**Exercise**
What you return should be the lines from the one with "为深入贯彻落实党的二十届三中" through the one with "Durante uma aula" in the data below, reproduced exactly with both ends, and no pictures at all.

**Input for this task**
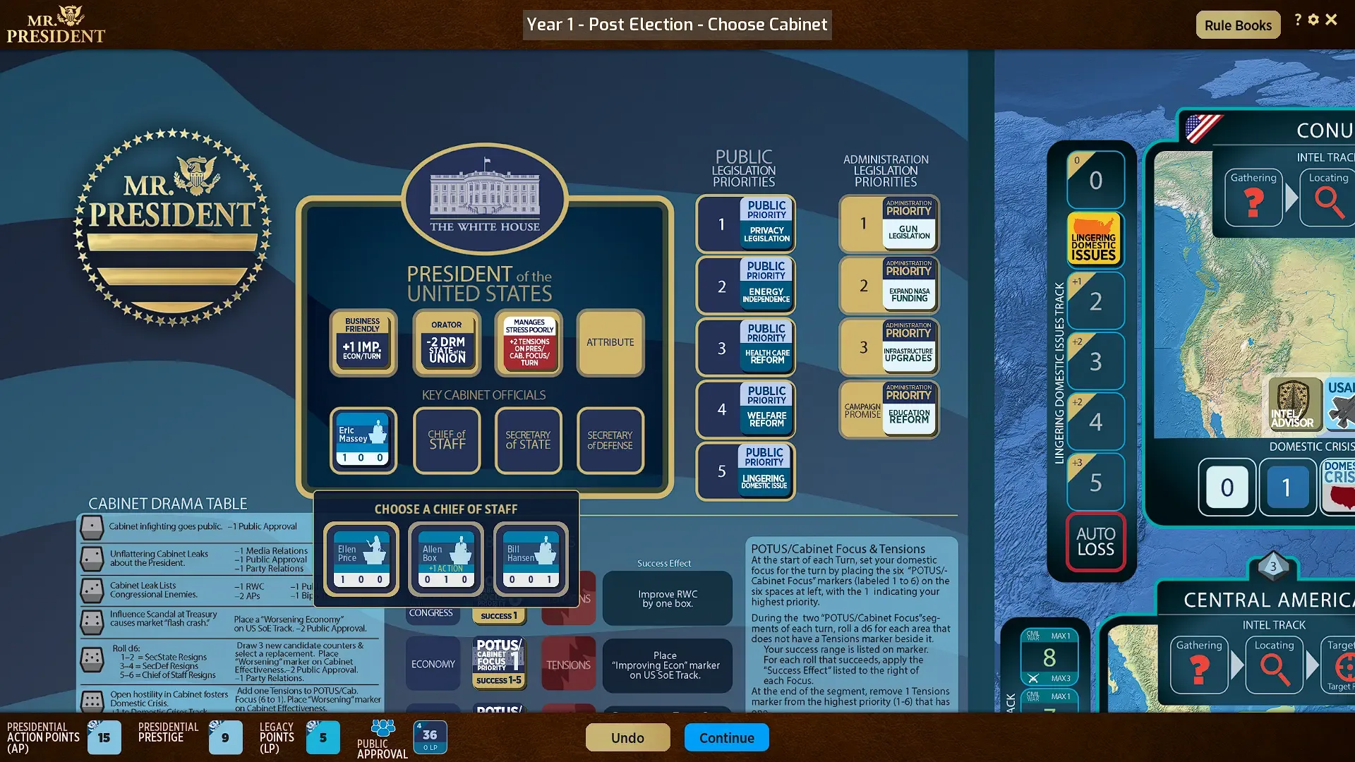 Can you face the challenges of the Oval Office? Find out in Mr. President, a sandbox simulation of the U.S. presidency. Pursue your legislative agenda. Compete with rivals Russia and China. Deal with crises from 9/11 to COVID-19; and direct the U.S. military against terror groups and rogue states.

...

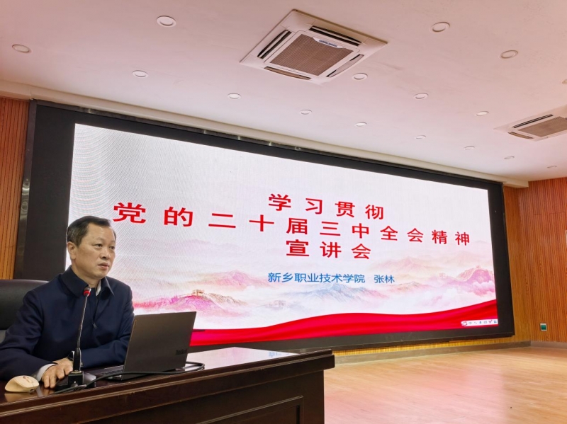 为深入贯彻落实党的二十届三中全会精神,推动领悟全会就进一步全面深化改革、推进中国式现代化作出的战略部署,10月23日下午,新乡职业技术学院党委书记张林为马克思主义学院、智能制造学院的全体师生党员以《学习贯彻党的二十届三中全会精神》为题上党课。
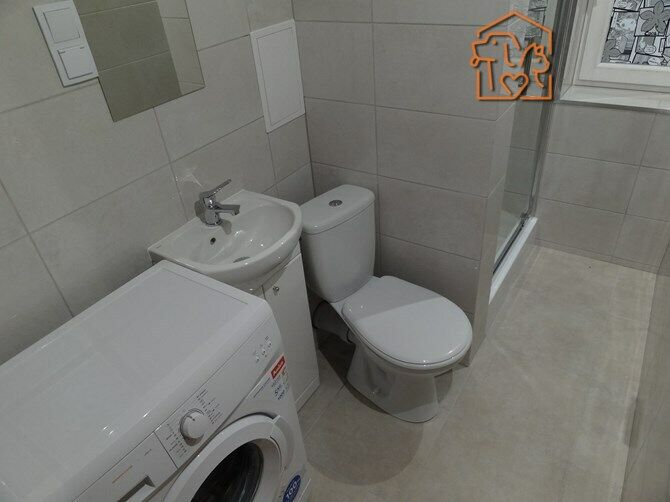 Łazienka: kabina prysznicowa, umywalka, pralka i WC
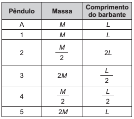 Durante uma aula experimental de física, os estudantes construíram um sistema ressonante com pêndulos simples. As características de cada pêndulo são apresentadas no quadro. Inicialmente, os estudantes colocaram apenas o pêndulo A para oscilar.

---

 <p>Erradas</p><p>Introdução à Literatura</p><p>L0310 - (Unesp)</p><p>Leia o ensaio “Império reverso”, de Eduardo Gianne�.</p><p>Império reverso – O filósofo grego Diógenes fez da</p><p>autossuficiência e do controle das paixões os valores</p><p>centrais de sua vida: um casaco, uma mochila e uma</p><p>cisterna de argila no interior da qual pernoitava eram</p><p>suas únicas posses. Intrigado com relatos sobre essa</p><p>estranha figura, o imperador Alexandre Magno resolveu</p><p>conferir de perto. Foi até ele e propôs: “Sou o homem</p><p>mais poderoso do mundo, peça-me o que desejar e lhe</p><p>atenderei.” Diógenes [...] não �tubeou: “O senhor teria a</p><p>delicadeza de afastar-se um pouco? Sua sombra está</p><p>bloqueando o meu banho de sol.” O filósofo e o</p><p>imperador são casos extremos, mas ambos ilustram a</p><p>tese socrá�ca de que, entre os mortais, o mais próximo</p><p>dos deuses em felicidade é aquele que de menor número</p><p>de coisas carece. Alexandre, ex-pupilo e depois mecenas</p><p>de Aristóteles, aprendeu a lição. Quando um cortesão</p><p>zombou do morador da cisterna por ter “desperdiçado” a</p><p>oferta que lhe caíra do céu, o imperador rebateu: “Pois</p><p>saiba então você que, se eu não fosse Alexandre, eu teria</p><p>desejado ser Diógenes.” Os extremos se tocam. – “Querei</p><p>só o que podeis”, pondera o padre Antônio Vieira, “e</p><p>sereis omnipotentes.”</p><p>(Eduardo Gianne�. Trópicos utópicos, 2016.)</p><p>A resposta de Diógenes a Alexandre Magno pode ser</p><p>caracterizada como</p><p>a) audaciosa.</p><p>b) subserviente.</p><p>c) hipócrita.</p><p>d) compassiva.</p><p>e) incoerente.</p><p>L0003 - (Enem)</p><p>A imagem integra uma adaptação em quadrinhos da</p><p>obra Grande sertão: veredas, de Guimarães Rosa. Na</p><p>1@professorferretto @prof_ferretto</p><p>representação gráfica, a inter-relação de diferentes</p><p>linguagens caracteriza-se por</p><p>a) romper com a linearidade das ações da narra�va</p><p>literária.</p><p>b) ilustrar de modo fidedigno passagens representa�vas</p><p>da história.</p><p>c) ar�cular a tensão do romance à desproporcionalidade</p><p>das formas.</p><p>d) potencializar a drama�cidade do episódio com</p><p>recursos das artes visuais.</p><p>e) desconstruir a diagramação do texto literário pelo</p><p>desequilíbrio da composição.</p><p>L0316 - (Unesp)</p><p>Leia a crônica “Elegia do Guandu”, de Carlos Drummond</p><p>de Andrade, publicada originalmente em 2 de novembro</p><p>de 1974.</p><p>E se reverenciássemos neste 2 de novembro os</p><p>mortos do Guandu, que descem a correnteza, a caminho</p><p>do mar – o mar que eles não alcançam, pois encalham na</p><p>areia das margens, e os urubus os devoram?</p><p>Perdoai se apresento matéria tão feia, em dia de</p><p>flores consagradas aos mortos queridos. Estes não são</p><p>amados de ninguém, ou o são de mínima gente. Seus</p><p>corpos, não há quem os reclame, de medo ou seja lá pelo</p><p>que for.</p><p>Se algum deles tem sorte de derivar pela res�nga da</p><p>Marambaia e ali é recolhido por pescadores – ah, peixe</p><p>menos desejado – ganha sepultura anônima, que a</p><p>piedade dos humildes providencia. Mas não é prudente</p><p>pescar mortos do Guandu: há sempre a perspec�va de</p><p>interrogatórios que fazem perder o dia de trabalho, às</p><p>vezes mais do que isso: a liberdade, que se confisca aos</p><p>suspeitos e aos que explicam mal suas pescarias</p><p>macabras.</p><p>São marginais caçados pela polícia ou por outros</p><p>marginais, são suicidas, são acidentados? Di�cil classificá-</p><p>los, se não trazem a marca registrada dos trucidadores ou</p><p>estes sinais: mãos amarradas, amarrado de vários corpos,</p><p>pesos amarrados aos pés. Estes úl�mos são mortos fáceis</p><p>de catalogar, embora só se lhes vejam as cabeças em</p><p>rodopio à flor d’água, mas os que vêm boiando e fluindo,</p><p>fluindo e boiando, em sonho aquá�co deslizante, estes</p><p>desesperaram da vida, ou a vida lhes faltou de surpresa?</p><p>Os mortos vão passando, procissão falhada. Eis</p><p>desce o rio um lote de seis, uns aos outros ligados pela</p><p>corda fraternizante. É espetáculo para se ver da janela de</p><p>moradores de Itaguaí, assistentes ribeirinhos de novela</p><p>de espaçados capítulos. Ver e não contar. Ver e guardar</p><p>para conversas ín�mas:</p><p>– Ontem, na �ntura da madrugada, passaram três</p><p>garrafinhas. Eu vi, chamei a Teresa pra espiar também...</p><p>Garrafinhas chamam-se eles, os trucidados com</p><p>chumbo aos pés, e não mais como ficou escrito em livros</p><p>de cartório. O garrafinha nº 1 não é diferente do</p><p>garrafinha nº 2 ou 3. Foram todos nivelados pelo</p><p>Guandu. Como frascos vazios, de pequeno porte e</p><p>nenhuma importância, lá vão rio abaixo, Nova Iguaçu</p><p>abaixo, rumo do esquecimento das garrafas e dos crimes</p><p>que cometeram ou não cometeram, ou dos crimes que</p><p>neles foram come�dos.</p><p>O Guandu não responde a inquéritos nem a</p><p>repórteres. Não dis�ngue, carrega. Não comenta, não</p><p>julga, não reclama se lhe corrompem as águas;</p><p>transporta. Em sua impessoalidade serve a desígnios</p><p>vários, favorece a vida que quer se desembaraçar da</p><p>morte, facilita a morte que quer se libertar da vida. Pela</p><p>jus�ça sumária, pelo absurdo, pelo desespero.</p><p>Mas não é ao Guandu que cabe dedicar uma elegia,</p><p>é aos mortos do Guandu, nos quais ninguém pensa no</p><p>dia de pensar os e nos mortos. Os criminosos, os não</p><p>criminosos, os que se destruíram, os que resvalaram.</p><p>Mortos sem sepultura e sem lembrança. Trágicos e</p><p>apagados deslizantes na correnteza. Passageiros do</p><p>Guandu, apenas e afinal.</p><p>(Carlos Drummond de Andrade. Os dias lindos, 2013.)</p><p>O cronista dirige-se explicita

**Answer box**
 为深入贯彻落实党的二十届三中全会精神,推动领悟全会就进一步全面深化改革、推进中国式现代化作出的战略部署,10月23日下午,新乡职业技术学院党委书记张林为马克思主义学院、智能制造学院的全体师生党员以《学习贯彻党的二十届三中全会精神》为题上党课。
 Łazienka: kabina prysznicowa, umywalka, pralka i WC
 Durante uma aula experimental de física, os estudantes construíram um sistema ressonante com pêndulos simples. As características de cada pêndulo são apresentadas no quadro. Inicialmente, os estudantes colocaram apenas o pêndulo A para oscilar.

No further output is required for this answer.